SOURCE DATA:
____

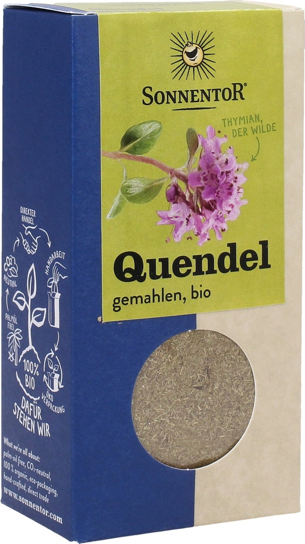 Quendel ist nichts Anderes als wilder Thymian oder Feldthymian und wird in der Küche wie Thymian verwendet. Sein etwas milderer Geschmack passt gut zu leichten Sommergerichten wie Salate, Fisch oder Huhn.
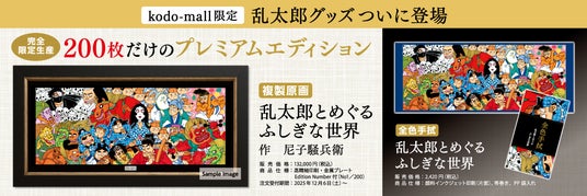 書籍「乱太郎とめぐるふしぎな世界 おもしろ古典入門の段」の色彩豊かな表紙のデザインを高精細印刷で複製し、EditionNumberプレート(1~200)を付けた限定商品となります。
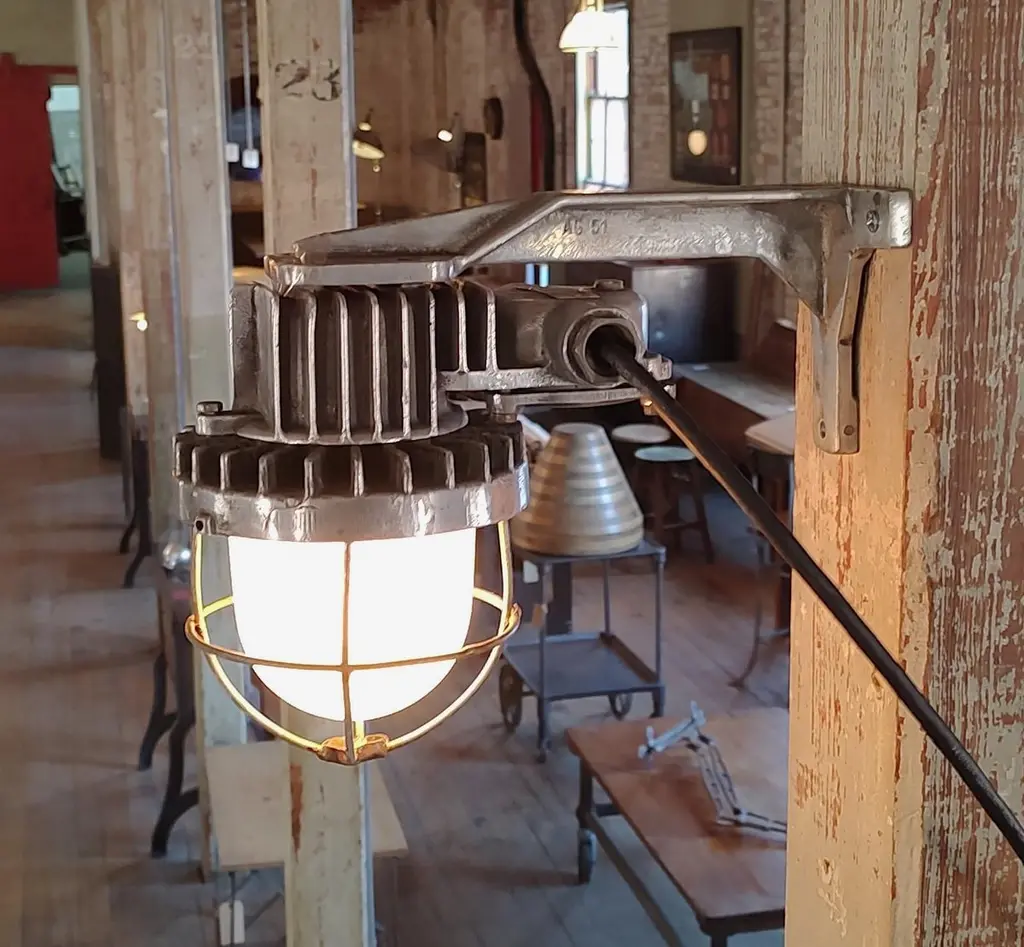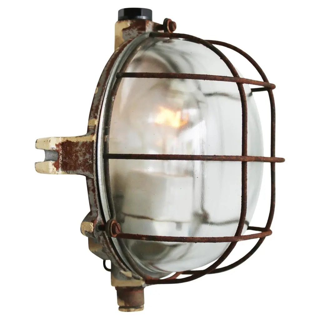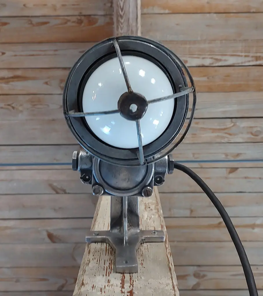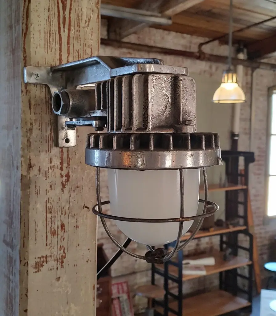 Industrial vapor proof frosted glass wall sconce.Dimensions: 12 1/2" deep x 5 3/4" wide x 10 1/4" high.Materials: Glass & Aluminum.
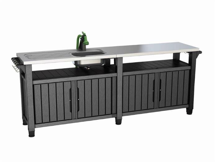 Rádi si v létě posedíte s rodinou a s přáteli venku na zahradě? Holdujete grilovaným pokrmům? Grilovací stolek Keter Unity Chef nabízí úžasnou kapacitu 415 litrů pro uložení kuchařského náčiní. Nerezová pracovní deska, integrovaný dřez, praktická rukojeť s háčky na pověšení utěrek, nastavitelné nohy stolku, otvírák na láhve a extra velká užitná police na skleničky a talíře dohromady vytvářejí dokonalý kuchyňský ostrůvek pro venkovní vaření, grilování, přípravu a servírování pokrmů a nápojů i pro mytí a utírání nádobí. Tento multifunkční grilovací stůl si prostě zamilujete!
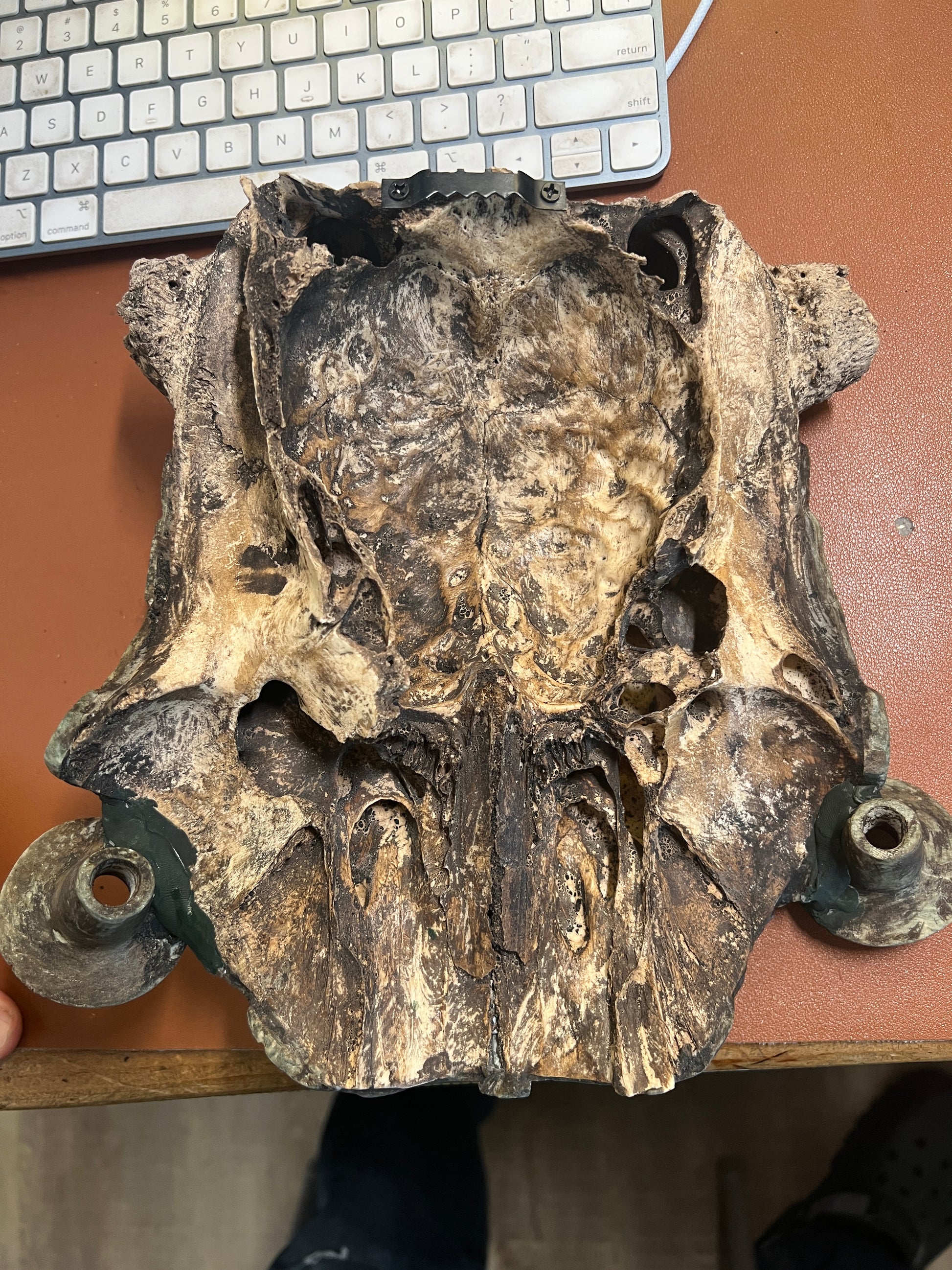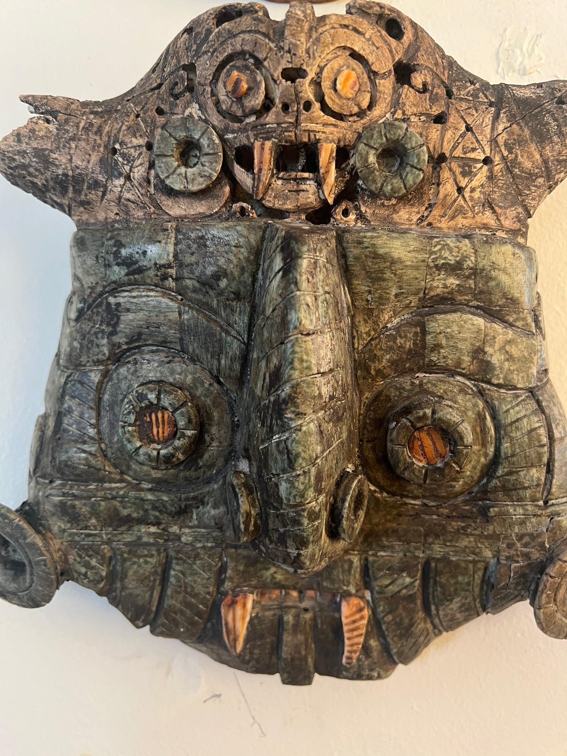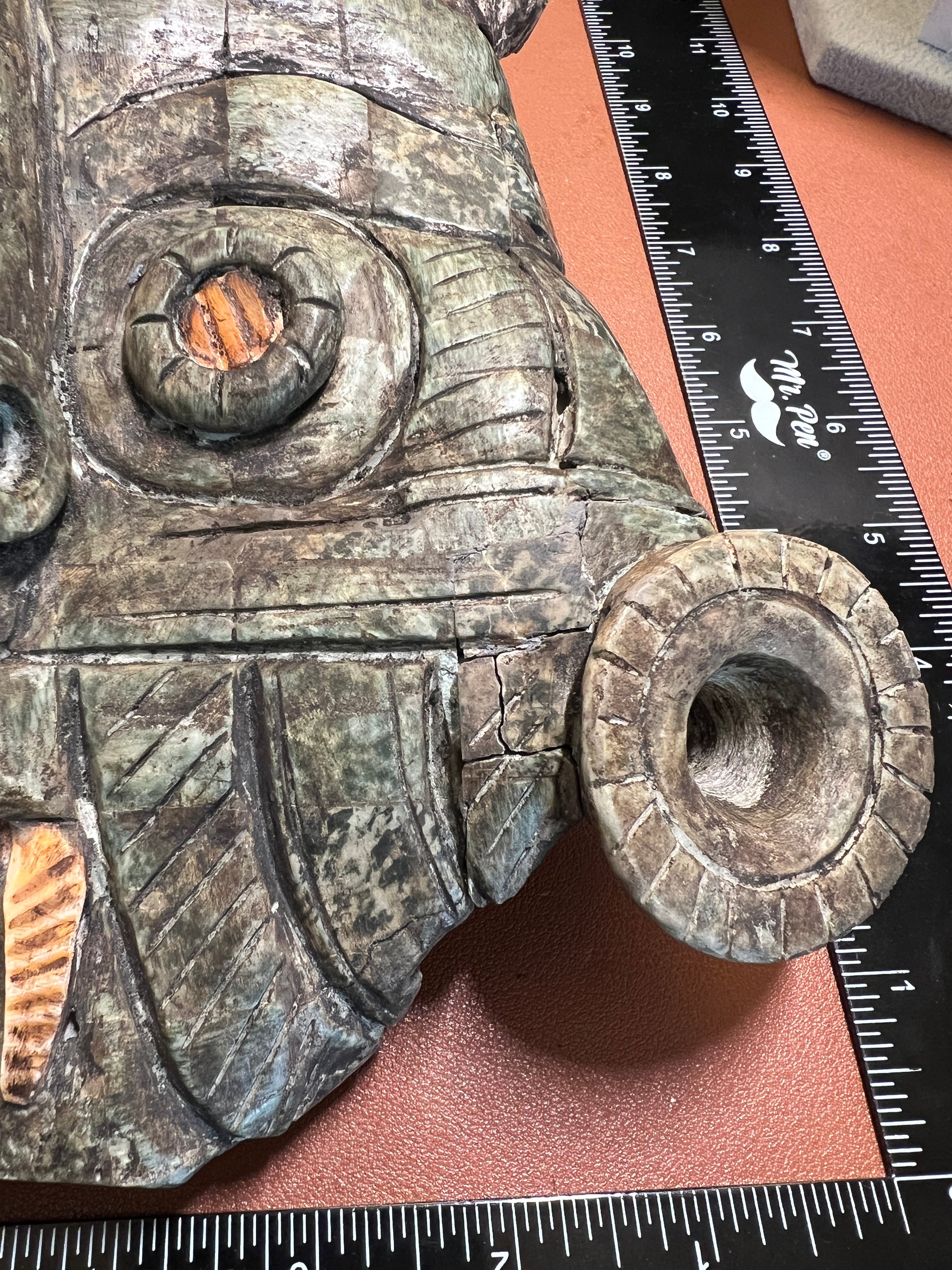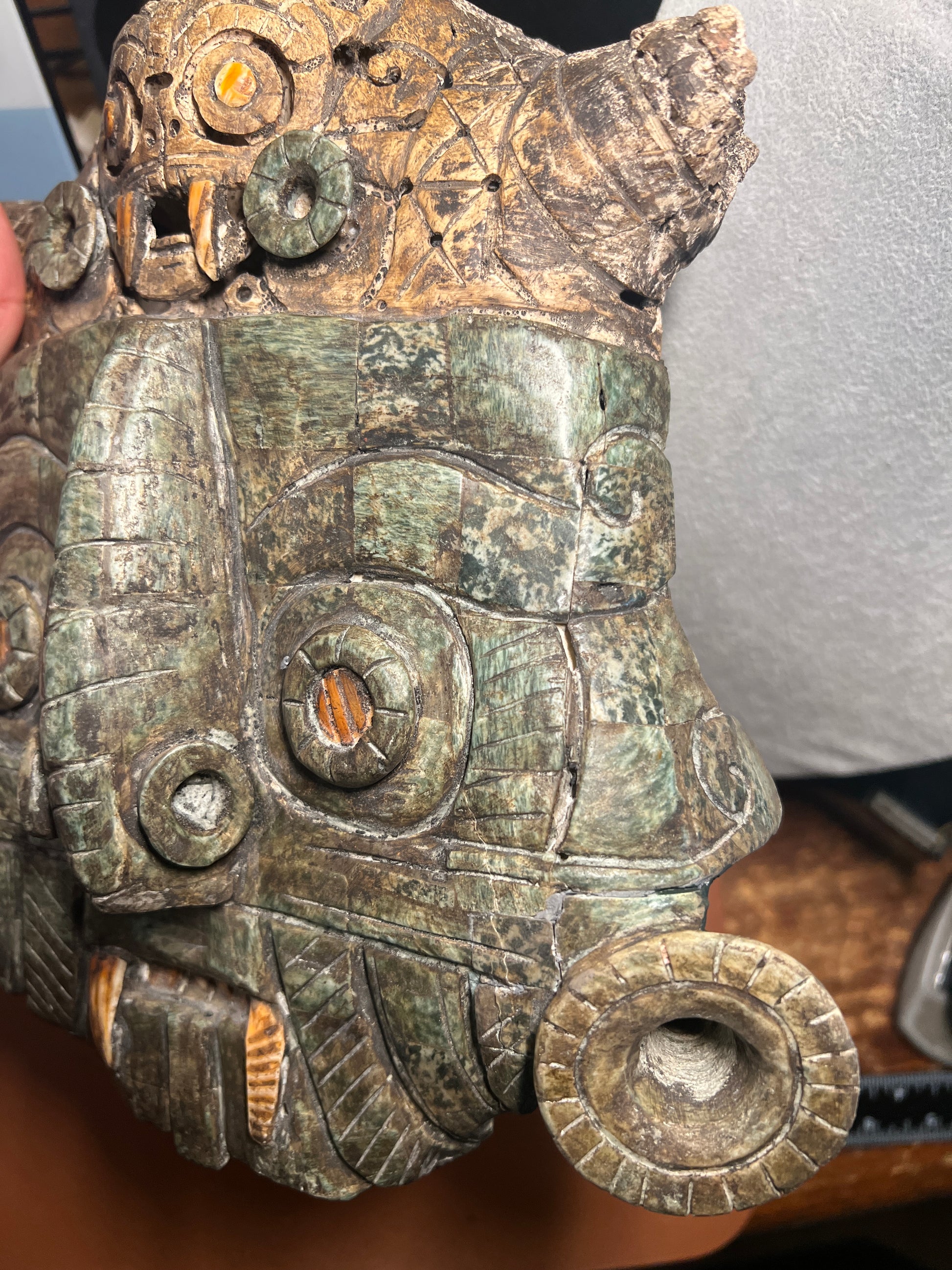 Tlaloc made from a bull skull, the bone is carved on the top, the entire face is carved and inlaid with granite. The fangs and eyes are inlaid with coral, a very unique piece with a lot of work!
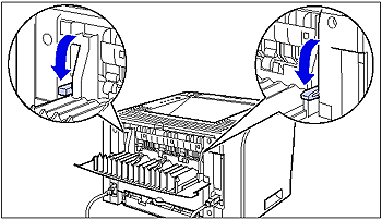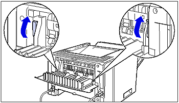 13. Move the green pressure release levers of the fixing unit back to their original positions.
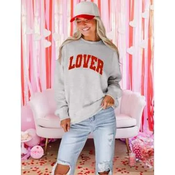 MAPICK Lover Crewneck Sweatshirt Women Valentine's Day Lover Chenille Patch Sweaters Oversized Long Sleeve Clothes(Light Grey,Large)
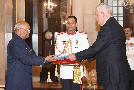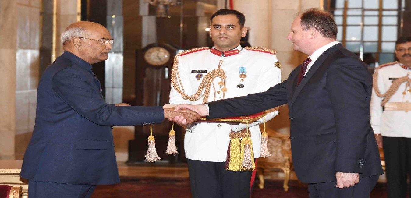 The Ambassador-designate of the Russian Federation, HE Mr. Nikolay Rishatovich Kudashev presenting his credentials to the President of India, Shri Ram Nath Kovind, at Rashtrapati Bhavan on October 26, 2017.
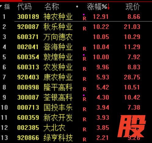 农业股盘中拉升,敦煌种业、登海种业等涨停。
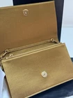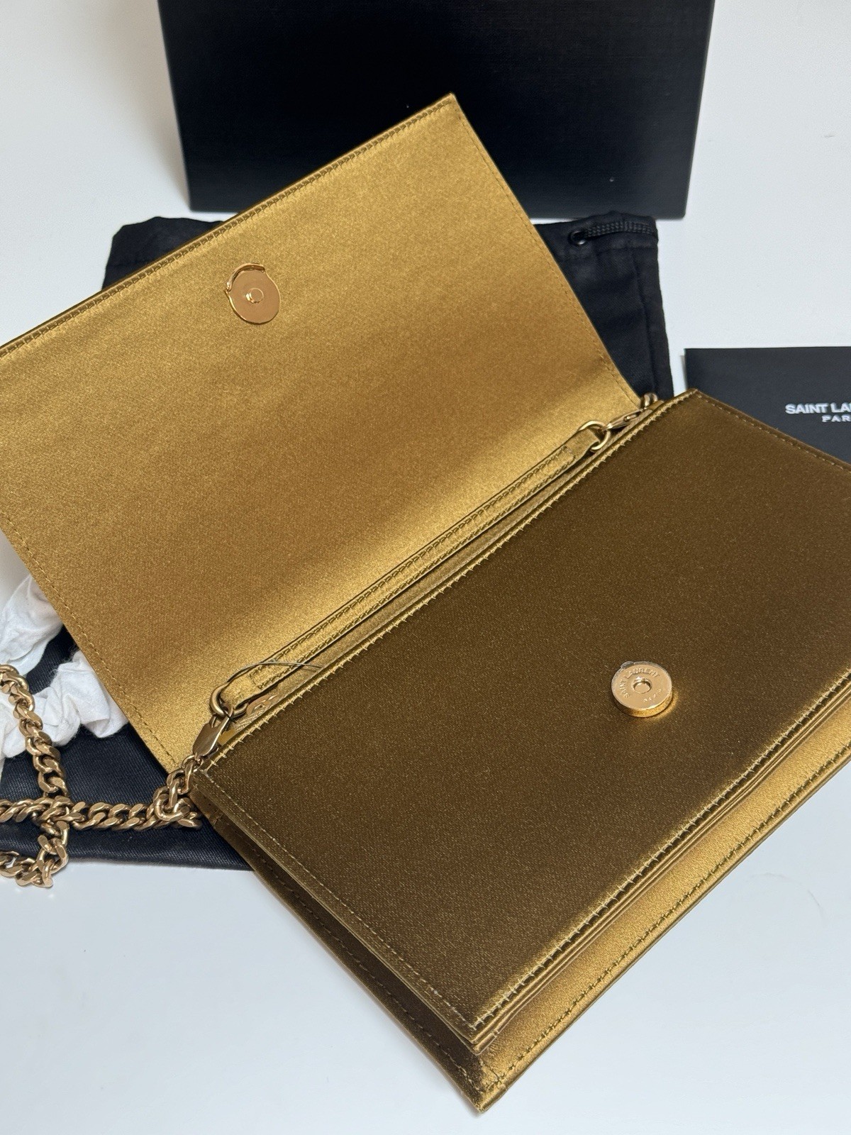 The Saint Laurent Kate Tassel Satin Wallet on Chain is a stylish crossbody handbag designed for casual occasions. Made from luxurious satin material in a beautiful green color, this rectangular shaped bag features a snap closure and gold hardware accents. The gold crossbody strap adds a touch of elegance to the overall look, making it a versatile accessory for any outfit. Complete with original dust bag and box, this Saint Laurent Kate wallet on chain is a chic and fashionable choice for women looking for a high-end designer handbag. New bag, tags attached. Box and dust bag.
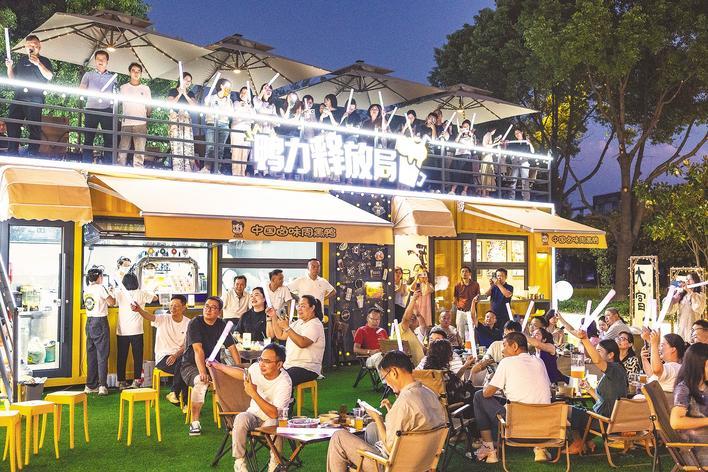 9月1日晚,武漢市東西湖區走馬嶺街食品工業區煥新升級,打造工業旅游消費新場景。在周黑鴨工廠店門前,工業風集裝箱主題市集燈火璀璨,人們圍坐品嘗鹵味、舉杯暢聊,共享沉浸式夜間社交空間。
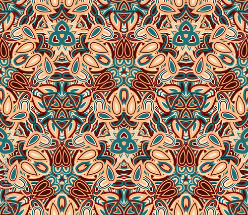 Vintage abstract seamless pattern, background. Composed of colored geometric shapes. Useful as design element for texture and artistic compositions.
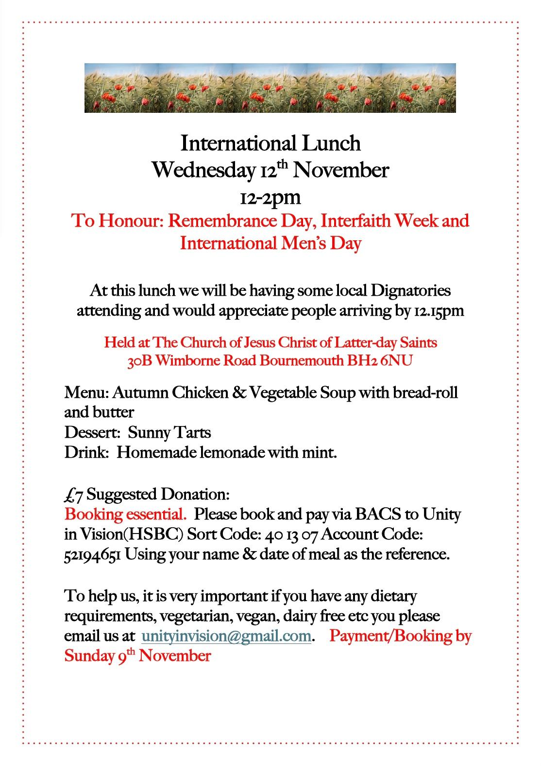 Wednesday 12th November 12-2pm To Honour: Remembrance Day, Interfaith Week and International Men’s Day At this lunch we will be having some local Dignitaries attending and would appreciate people arriving by 12.15pm Held at The Church of Jesus Christ of Latter-day Saints 30B Wimborne Road Bournemouth BH2 6NU Menu: Autumn Chicken & Vegetable Soup with […]
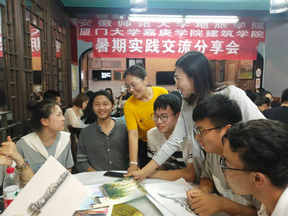 本网讯(565net必赢客户端 潘爽 李丹 王阳)7月11日,我校565net必赢客户端2018级城乡规划专业与厦门大学嘉庚学院2017级城乡规划专业于安徽黄山开展暑期实习实践交流分享会,旨在促进两校学生相互学习、交流经验、共同提高专业水平。参与本次交流会的有565net必赢客户端城乡规划专业教师黄秋实、张晨阳,美术学院绘画专业教师鲍涛,校团委学生副书记王阳,厦门大学嘉庚学院建筑专业教师黄妍、候思雨,以及安师大2018级城乡规划专业全体学生、厦门大学2017级城乡规划专业全体学生。

____

EXERCISE: Could you copy the lines above exactly and skip the images?

ANSWER TO THIS TASK:
 Quendel ist nichts Anderes als wilder Thymian oder Feldthymian und wird in der Küche wie Thymian verwendet. Sein etwas milderer Geschmack passt gut zu leichten Sommergerichten wie Salate, Fisch oder Huhn.
 書籍「乱太郎とめぐるふしぎな世界 おもしろ古典入門の段」の色彩豊かな表紙のデザインを高精細印刷で複製し、EditionNumberプレート(1~200)を付けた限定商品となります。
 Industrial vapor proof frosted glass wall sconce.Dimensions: 12 1/2" deep x 5 3/4" wide x 10 1/4" high.Materials: Glass & Aluminum.
 Rádi si v létě posedíte s rodinou a s přáteli venku na zahradě? Holdujete grilovaným pokrmům? Grilovací stolek Keter Unity Chef nabízí úžasnou kapacitu 415 litrů pro uložení kuchařského náčiní. Nerezová pracovní deska, integrovaný dřez, praktická rukojeť s háčky na pověšení utěrek, nastavitelné nohy stolku, otvírák na láhve a extra velká užitná police na skleničky a talíře dohromady vytvářejí dokonalý kuchyňský ostrůvek pro venkovní vaření, grilování, přípravu a servírování pokrmů a nápojů i pro mytí a utírání nádobí. Tento multifunkční grilovací stůl si prostě zamilujete!
 Tlaloc made from a bull skull, the bone is carved on the top, the entire face is carved and inlaid with granite. The fangs and eyes are inlaid with coral, a very unique piece with a lot of work!
 13. Move the green pressure release levers of the fixing unit back to their original positions.
 MAPICK Lover Crewneck Sweatshirt Women Valentine's Day Lover Chenille Patch Sweaters Oversized Long Sleeve Clothes(Light Grey,Large)
 The Ambassador-designate of the Russian Federation, HE Mr. Nikolay Rishatovich Kudashev presenting his credentials to the President of India, Shri Ram Nath Kovind, at Rashtrapati Bhavan on October 26, 2017.
 农业股盘中拉升,敦煌种业、登海种业等涨停。
 The Saint Laurent Kate Tassel Satin Wallet on Chain is a stylish crossbody handbag designed for casual occasions. Made from luxurious satin material in a beautiful green color, this rectangular shaped bag features a snap closure and gold hardware accents. The gold crossbody strap adds a touch of elegance to the overall look, making it a versatile accessory for any outfit. Complete with original dust bag and box, this Saint Laurent Kate wallet on chain is a chic and fashionable choice for women looking for a high-end designer handbag. New bag, tags attached. Box and dust bag.
 9月1日晚,武漢市東西湖區走馬嶺街食品工業區煥新升級,打造工業旅游消費新場景。在周黑鴨工廠店門前,工業風集裝箱主題市集燈火璀璨,人們圍坐品嘗鹵味、舉杯暢聊,共享沉浸式夜間社交空間。
 Vintage abstract seamless pattern, background. Composed of colored geometric shapes. Useful as design element for texture and artistic compositions.
 Wednesday 12th November 12-2pm To Honour: Remembrance Day, Interfaith Week and International Men’s Day At this lunch we will be having some local Dignitaries attending and would appreciate people arriving by 12.15pm Held at The Church of Jesus Christ of Latter-day Saints 30B Wimborne Road Bournemouth BH2 6NU Menu: Autumn Chicken & Vegetable Soup with […]
 本网讯(565net必赢客户端 潘爽 李丹 王阳)7月11日,我校565net必赢客户端2018级城乡规划专业与厦门大学嘉庚学院2017级城乡规划专业于安徽黄山开展暑期实习实践交流分享会,旨在促进两校学生相互学习、交流经验、共同提高专业水平。参与本次交流会的有565net必赢客户端城乡规划专业教师黄秋实、张晨阳,美术学院绘画专业教师鲍涛,校团委学生副书记王阳,厦门大学嘉庚学院建筑专业教师黄妍、候思雨,以及安师大2018级城乡规划专业全体学生、厦门大学2017级城乡规划专业全体学生。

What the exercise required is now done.